Siamese Buddhist monk

Somdet To (1788–1872; B.E. 2331–2415), known formally as Somdet Phra Buddhacarya (To Brahmaramsi) (สมเด็จพระพุฒาจารย์ (โต พฺรหฺมรํสี); ), was one of the most famous Buddhist monks during Thailand's Rattanakosin period and continues to be the most widely known saintly monk in Thailand. He is revered for spiritual powers and his amulets are sought after. His images and statues are some of the most popular religious icons in Bangkok.

==Biography==
Somdet To was born in Phra Nakhon Si Ayutthaya Province, alleged to be the illegitimate son of King Rama II. He studied the Buddhist scriptures of the Pāli Canon with several Buddhist masters.

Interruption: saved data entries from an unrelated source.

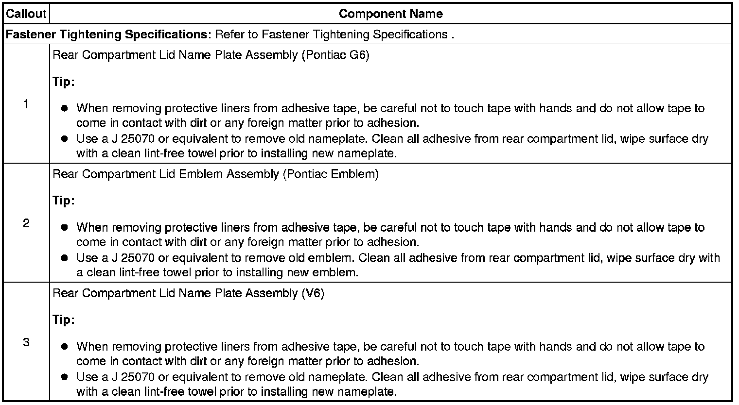 Rear Compartment Lid Emblem/Nameplate Replacement (Sedan)
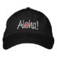 Una fresca gorra bordada con una flor tropical en el texto giratorio Aloha. Muchos colores y estilos. CÓDIGO DE DISEÑO: PW
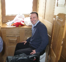 Back at Richmond after naming, the final elements were added to the decoration. The liferafts and the last pieces of the engineering and electrical fit-out were commissioned and tested. With advice from Neil of Motability and in the final run-up to the Diamond Jubilee Pageant an electric lift was installed so that the invited wheelchair users could enjoy the cabin.
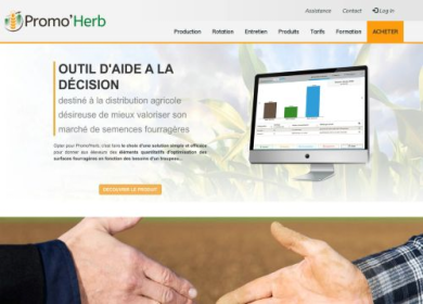 Promo'Herb est un outil d'aide à la décision destiné à la distribution agricole, et notamment à chaque exploitant agricole souhaitant améliorer son marché fourragère et profiter ainsi du meilleur des prairies. Ce logiciel permet de calculer les valeurs nutritives apportées par une parcelle en fonction des surfaces accordées aux fourrages utilisés pour l'alimentation des élevages.
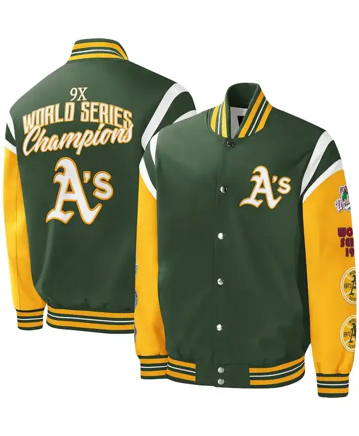 Oakland Athletics 9x World Series Green Satin Varsity Jacket
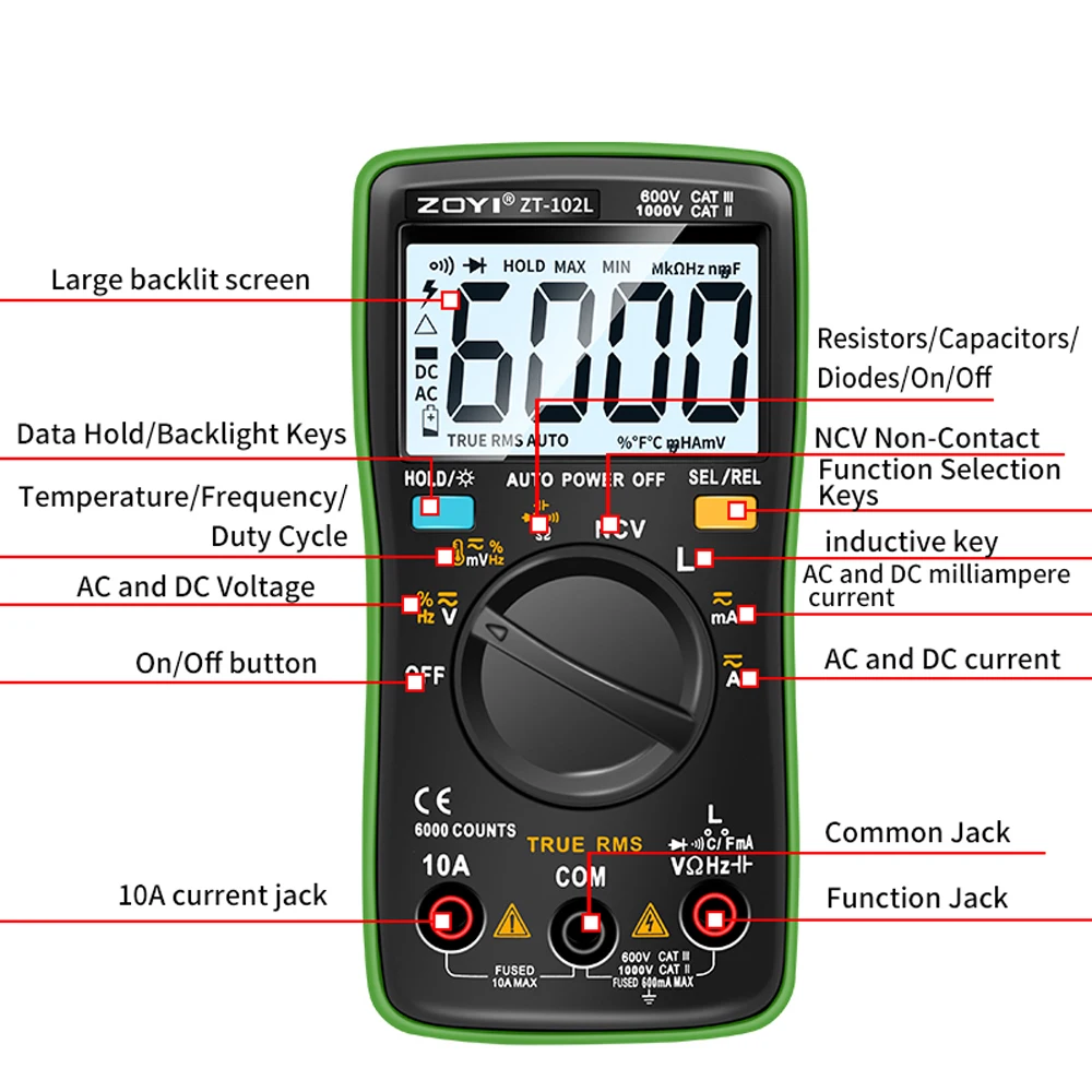"Digital Multimeter 6000 Counts True RMS Current Voltage Capacitance Resistance Inductance Frequency Diode Tester LCD Voltmeter" * Buy Now With Free Shipping Just For $18
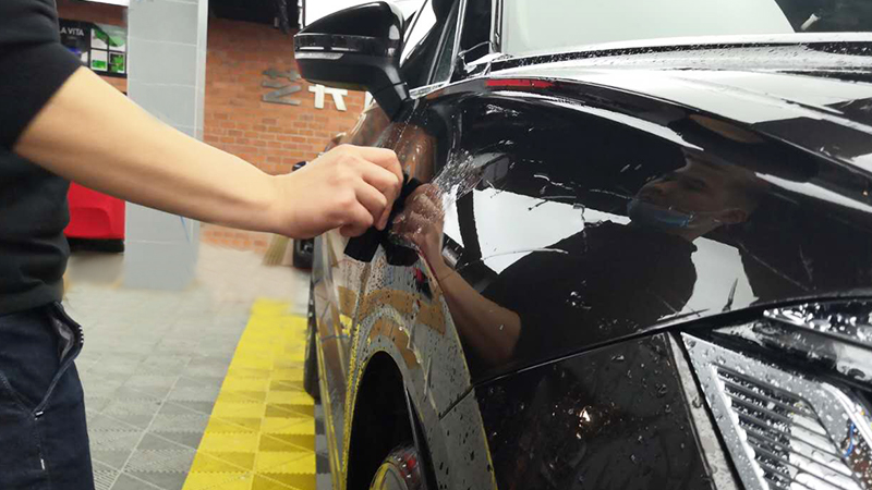 ROLIPS要求在隐形车衣施工前,对车辆进行彻底的清洁,不放过任何一个缝隙死角,保持漆面的洁净,确保贴膜后无尘点。
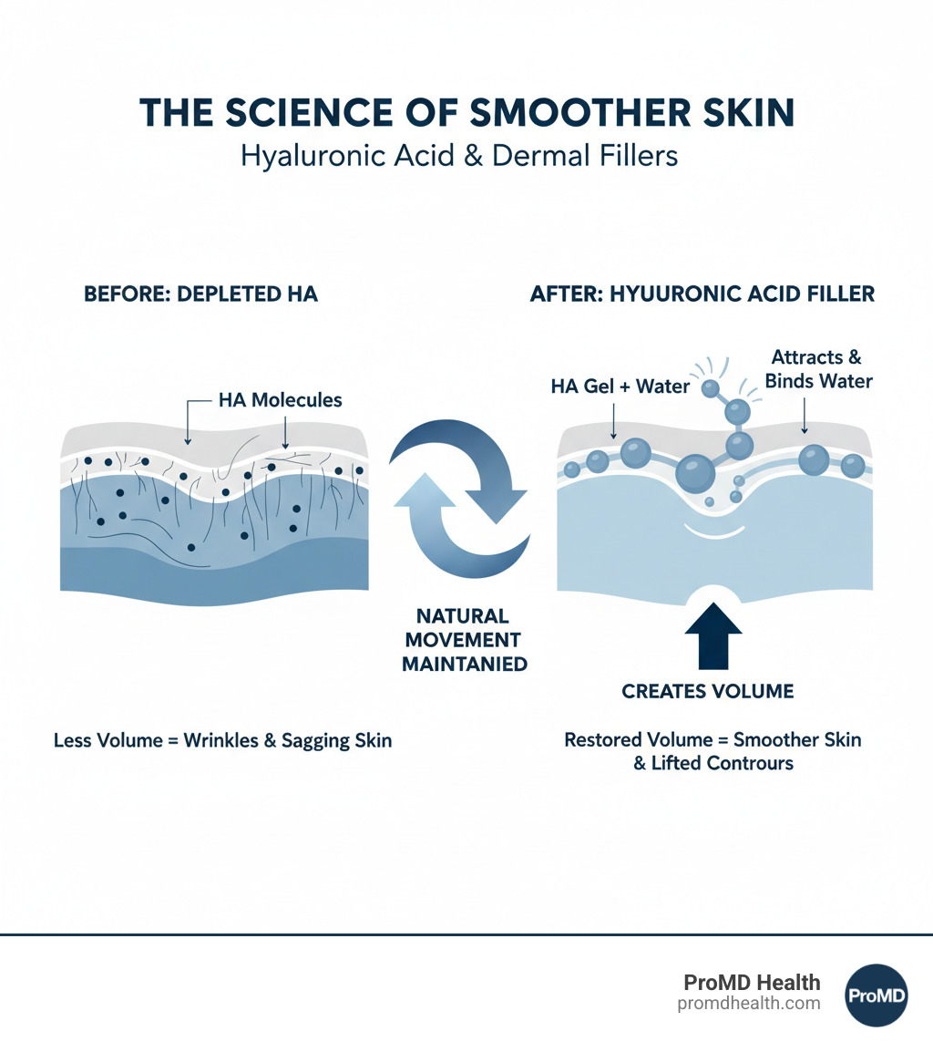 Infographic showing how hyaluronic acid works in the skin: HA molecules attract and bind water molecules, creating volume beneath the skin's surface, smoothing wrinkles and restoring facial contours. The graphic shows cross-sections of skin with depleted HA versus skin with Restylane HA filler, demonstrating how the gel lifts and plumps the treatment area while maintaining natural facial movement. - restylane cost per vial infographic
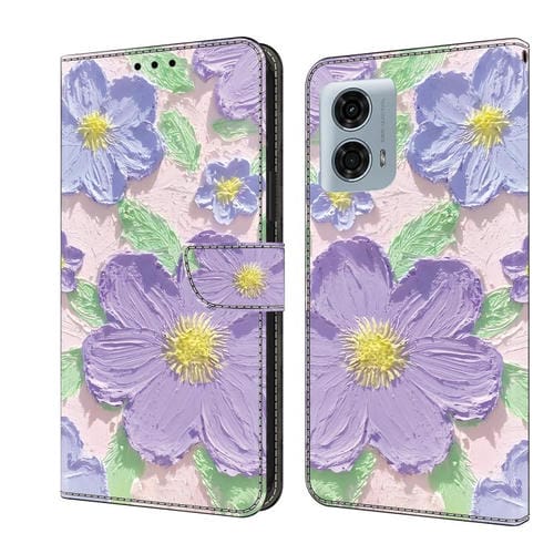 Funda de Cuero Pintada al Óleo para Motorola Moto G24 Power (Flores Moradas)
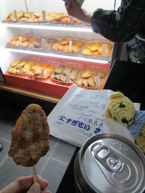 かまぼこ通りを初の食べ歩き。すぎせいではビールもセット販売、店先で食べられる。旨ーい!
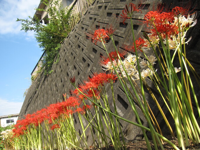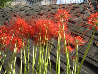 彼岸花が咲きました。「やっと咲いたでぇ。写真撮るんじゃろう。」園芸好きの入所者さんが教えてくださいました。長楽荘の裏庭の彼岸花。例年になく暑さ厳しい夏がやっと過ぎ・・・今、満開を迎えています。
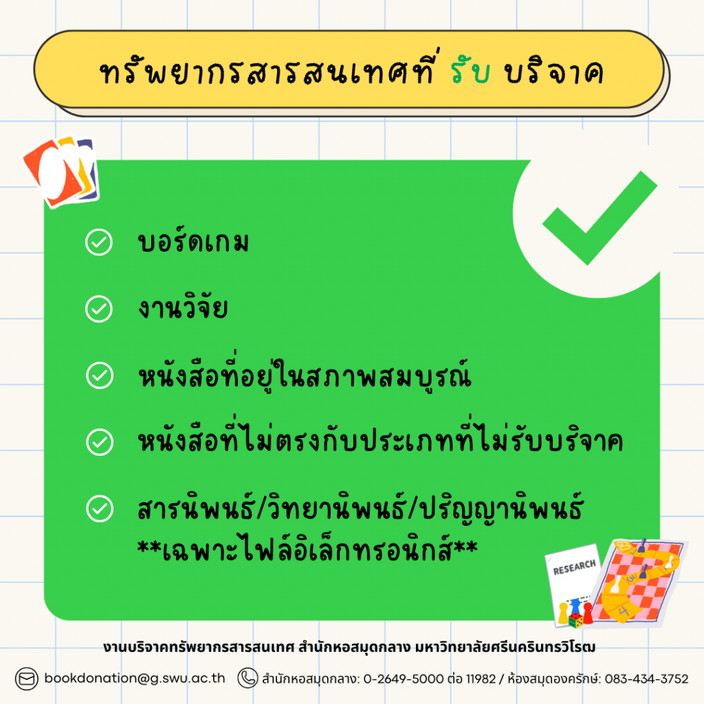 หมายเหตุ : ทรัพยากรสารสนเทศที่ได้รับบริจาคถือเป็นกรรมสิทธิ์ของสำนักหอสมุดกลาง มหาวิทยาลัยศรีนครินทรวิโรฒ ในกรณีที่ทรัพยากรสารสนเทศไม่ตรงกับนโยบายการจัดหาของสำนักหอสมุดฯ หรือไม่สอดคล้องกับหลักสูตรการเรียนการสอนของมหาวิทยาลัย สำนักหอสมุดฯ ขอสงวนสิทธิ์ในการพิจารณานำเข้า และสามารถดำเนินการต่าง ๆ เพื่อประโยชน์ทางการศึกษาได้ตามความเหมาะสม โดยไม่ต้องแจ้งให้ผู้บริจาคทราบล่วงหน้า

After becoming a well-known monk, he became the preceptor for Prince Mongkut, later King Rama IV, when Mongkut became a monk. During Rama IV's reign Somdet To was given the ceremonial name Somdet Phra Buddhacarya (To Brahmaramsi – Buddh[a]charya meaning teacher (acharya) of Buddhism) by the King and used to be one of his trusted advisers, having left a lot of teaching stories around him and the King.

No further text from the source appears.